Good luck with the new camper.


----------



## ARzark (Aug 9, 2005)

Tim&Sue,
Congrats on your new 'ROO








Sounds like you had a very good experience with your dealer and they treated you right








Glad to hear the trip home went well and you enjoyed your first night out!

Now about that Ford Ranger..... I am no expert, but PLEASE be careful out there. It appears you are at max, if not exceeding, the capabilities of your TV. Not to put a downer on on your exciting experience, just want you to keep the shiney side up


----------



## skippershe (May 22, 2006)

Congratulations Tim and Sue!









Sounds like you're off to a great start with your new Outback! Nothing like getting to spend the night and a long haul home right off the bat to make sure everything is in working order









Don't you just love your new Roo?????









Take care and Happy Camping!
Dawn


----------



## mswalt (Sep 14, 2004)

> OH DID I MENTION... Our tow vehicle was a FORD RANGER


Tim and Sue,

Congrats on your recent purchase. Glad all went well with y'all.

BTW, I think the Ranger is a first on the forum!

Again, please be careful.

Mark


----------



## Bison (Sep 12, 2006)

Congratulations Tim&Sue

I was thinking I should get the KRS, before we got the RS, so I could bring my motorcycle with us...but in retrospect I'm glad I didn't. Not sure the Warden and my daughter would appreciate my son and me taking off for a ride leaving them with the dishes









I'm glad the Ranger performed...now I feel like my Dodge 2500 is overkill









Glad you had a great time...dealers really are different.


----------



## skippershe (May 22, 2006)

Bison said:


> Congratulations Tim&Sue
> 
> I was thinking I should get the KRS, before we got the RS, so I could bring my motorcycle with us...but in retrospect I'm glad I didn't. Not sure the Warden and my daughter would appreciate my son and me taking off for a ride leaving them with the dishes
> 
> ...


We bought the 28krs so that my dh could haul his harley and/or quad...so far we haven't taken either one camping, but we sure can take everything else under the sun!


----------



## Highlander96 (Mar 1, 2005)

I don't know about anyone else but my 2500HD with 6.0 and 4.10's had a hard time in the real mountains of WV.
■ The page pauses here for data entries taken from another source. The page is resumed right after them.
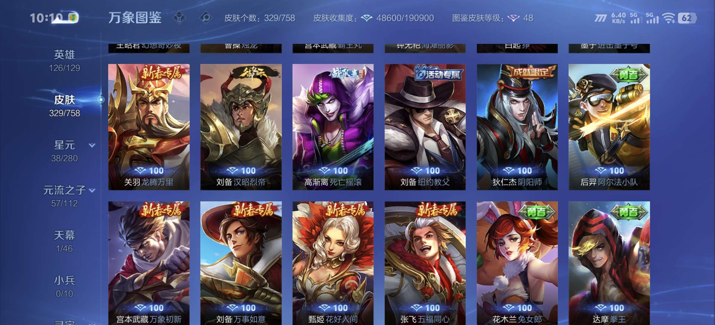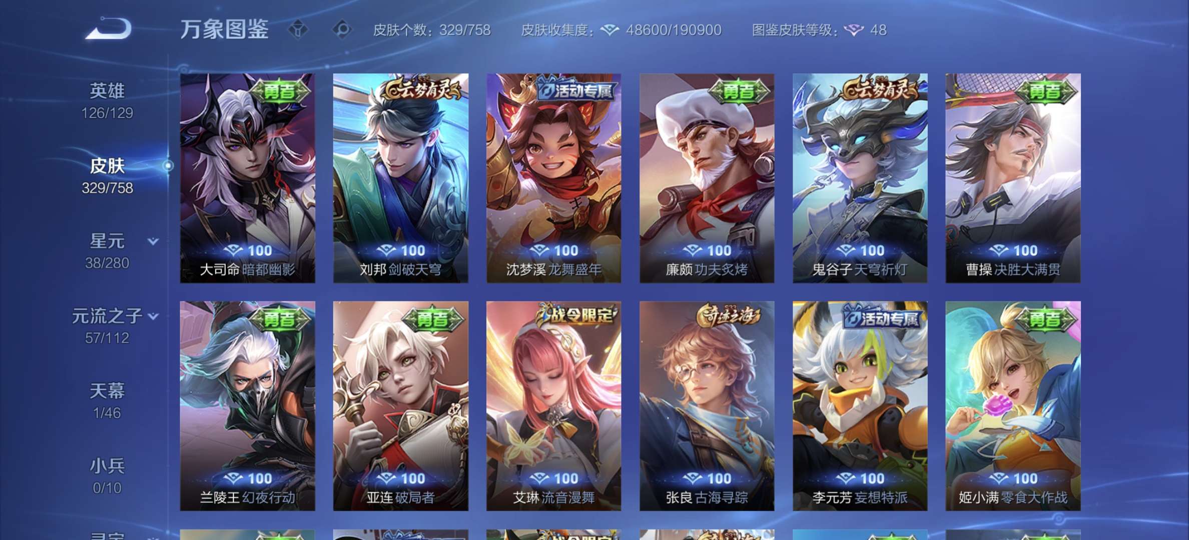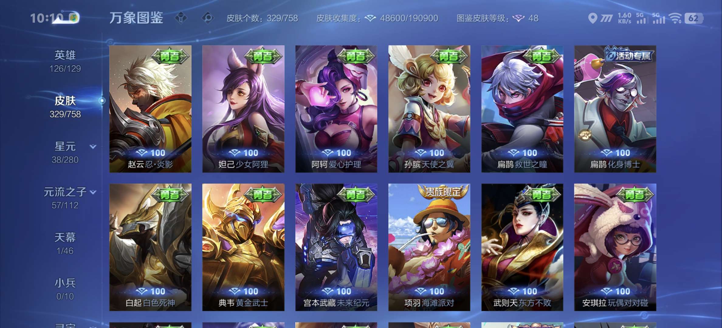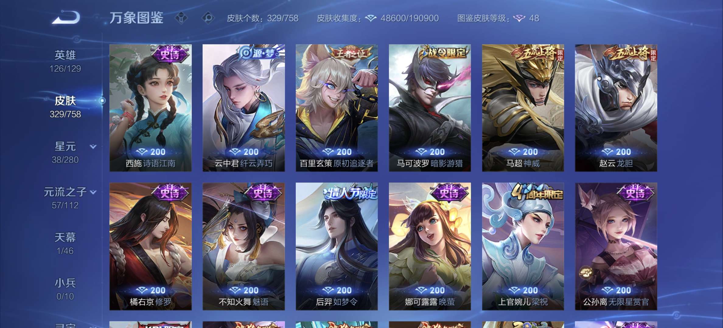 v8,329个皮肤,射手和战士皮肤超多,上过2100,发育路60段,对抗路34段,打野32段
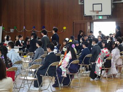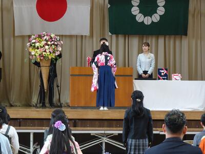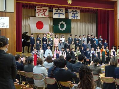 式では、卒業証書授与において、一人一人がしっかりと前を向き、堂々とした姿で証書を受け取る様子が印象的でした。これまでの学校生活で積み重ねてきた努力や成長が感じられる、立派な姿でした。
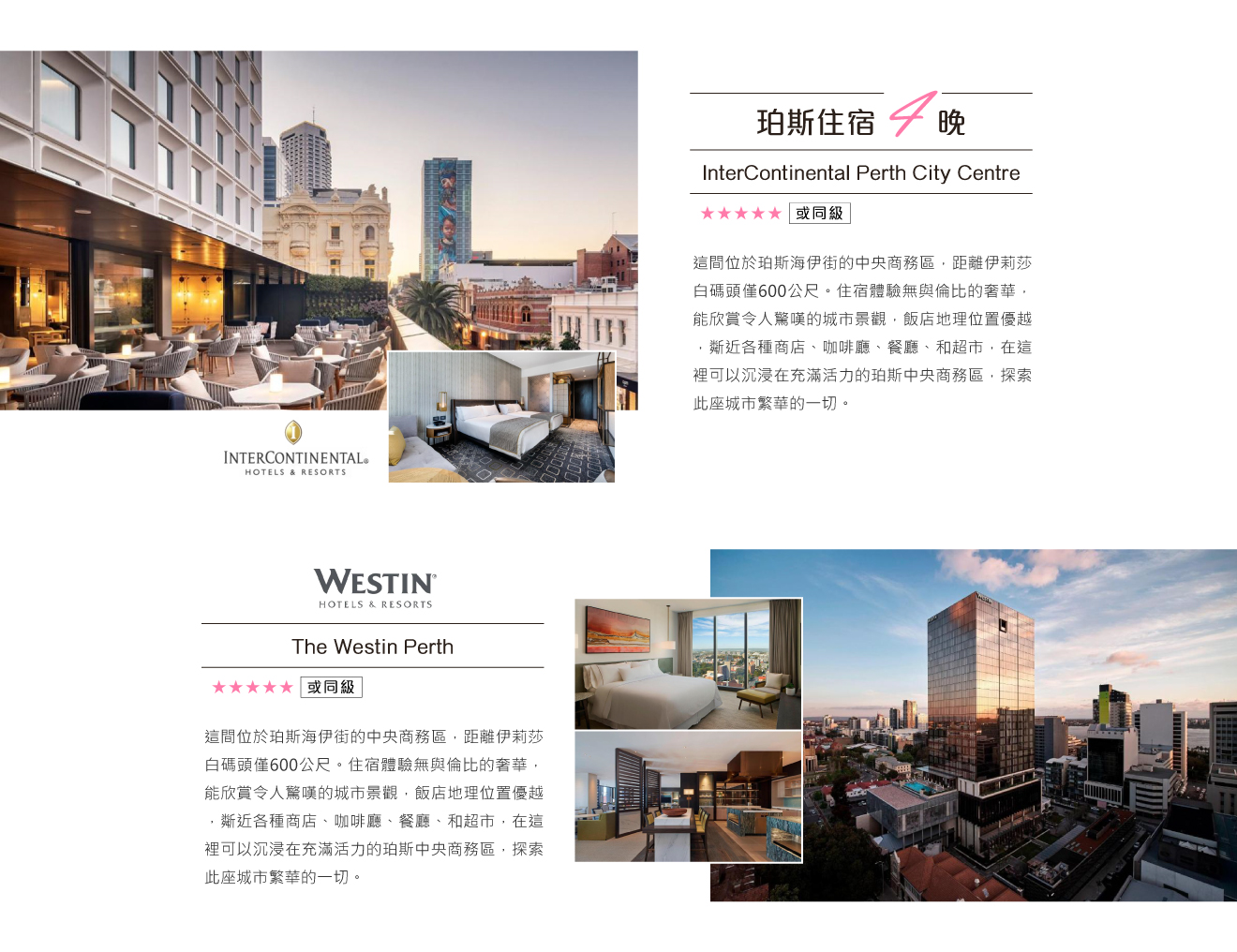 特別安排於珀斯市中心內4星級以上飯店,並連續入住4晚,無需每晚打包行李,讓您的旅程更加輕鬆、便利。
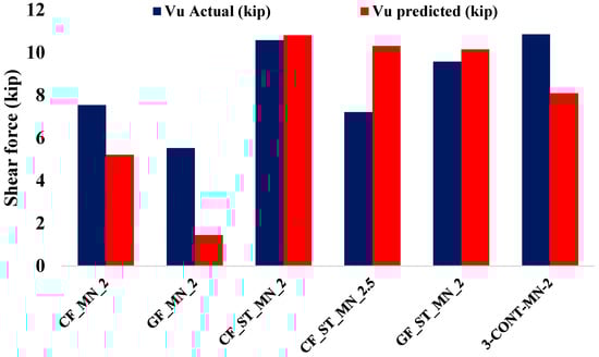 where is the maximum applied load by the actuator that caused the reinforced concrete beam to fail in shear. The corresponding predicted maximum load is calculated using Equation (13) from the Canadian Educational Module Code:
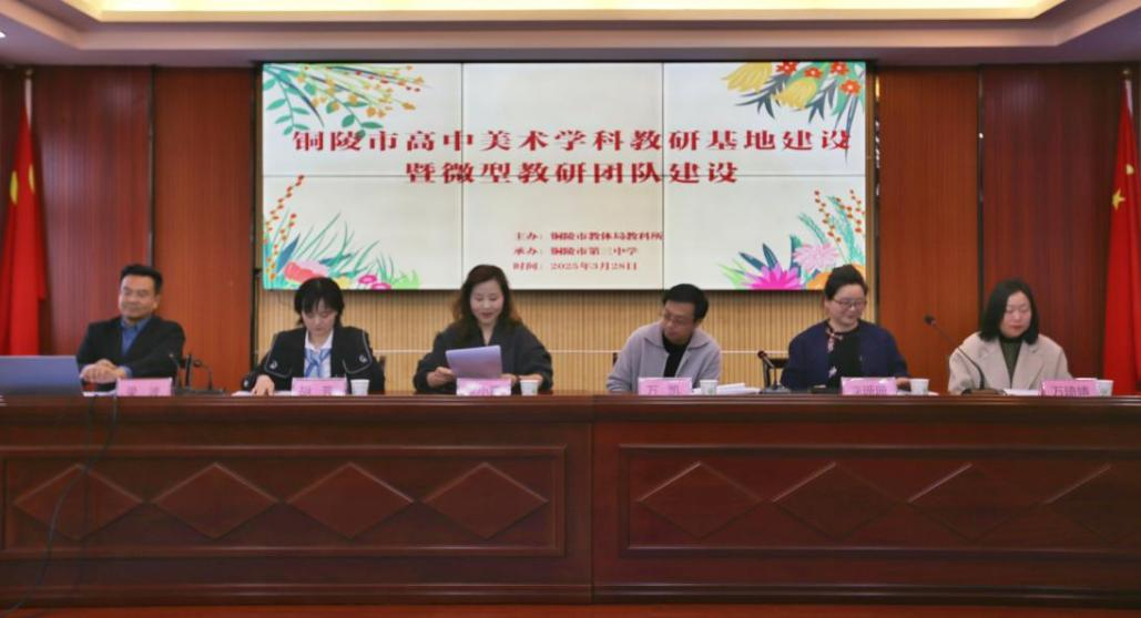 为全面推进新一轮基础教育课程改革,建设高素质、专业化、创新型美术教师团队,3月28日上午,铜陵市高中美术学科教研基地建设暨微型教研团队建设活动在铜陵市第三中学躬行楼五楼党员活动室成功举办。各校美术教师齐聚一堂,通过“基地建设+微型团队”双轮驱动模式,探索美术学科教研的创新路径,共研美术教育创新发展之路,本次活动由义安区美术教研员李小霞主持。
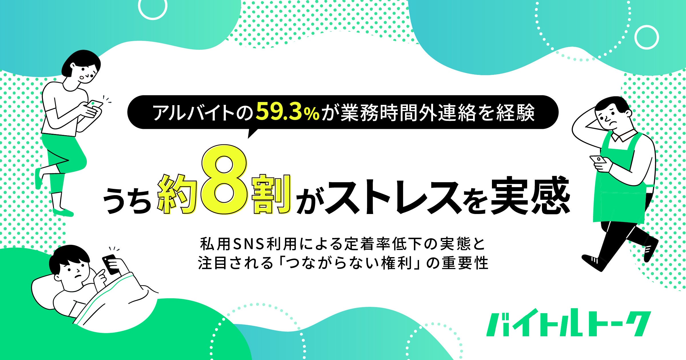 本調査の結果、勤務時間外に業務連絡を受け取っているアルバイト従業員の約8割(78.4%)(※)がストレスを感じており、さらに勤務時間外に連絡を受け取っているアルバイト従業員のうち約2人に1人(54.7% )(※)が、それが原因で実際に「辞めたい」と思った経験があるという実態が浮き彫りとなりました。

Oh, you are talking about the hills on I-68........

Happy Outbacking and like Jim said keep the shiny side up.

Happy Outbacking!

Tim


----------



## Hokie (Jul 10, 2006)

Tim&Sue said:


> OH DID I MENTION... Our tow vehicle was a FORD RANGER !
> Tim & Sue


Congrats on the new Outback! It sounds like you had a great camping experience and were well prepared from the dealer.

Just curious, did the dealer give you any cautions concerning your Ranger? I bet they said it could tow anything on their lot!









Anyway, please be safe out there for your family (and my family's) sake! Be careful what heavy toys you put in that Roo too while you still are using the Ranger.

Glad to see you are a fellow Virginian.....be sure to take a look at Highlander's Rally in November:
http://www.outbackers.com/forums/index.php...=Hokie&st=0

Good Luck!
-Sam


----------



## out4fun (Aug 22, 2006)

Welcome Tim & Sue
Congrats on the new 23KRS








Now the ranger







just be careful.

Angelo


----------



## 2491 (Aug 1, 2006)

Sam,
Funny you should mention about what the dealer said about the Ranger... They actually were concerned about it and insisted they go along with me on a short test drive. They adjusted things several times and cautioned us numerous times warning that we were at or above tow cap. Even as we drove away they said please be careful and leave lots of stopping room. they also said call our 800 # if you need anything along the way and to let us know you got home safe!!!! Like I said... I can't say enough good about Tiara RV AND they have the BEST prices on Outbacks...just check them... and no I don't get anything from them ;-)
Tim


----------



## jthella (Sep 18, 2006)

Tim&Sue said:


> OH DID I MENTION... Our tow vehicle was a FORD RANGER ! The Ranger did fine pulling it up the steepest mountains in WV at NLT 50mph... Tim & Sue


...and I was concerned about towing a 23KRS with our Tundra....









Congratulations on pulling the trigger!


----------



## 2491 (Aug 1, 2006)

OH DID I MENTION... Our tow vehicle was a FORD RANGER ! The Ranger did fine pulling it up the steepest mountains in WV at NLT 50mph... Tim & Sue[/quote]

...and I was concerned about towing a 23KRS with our Tundra....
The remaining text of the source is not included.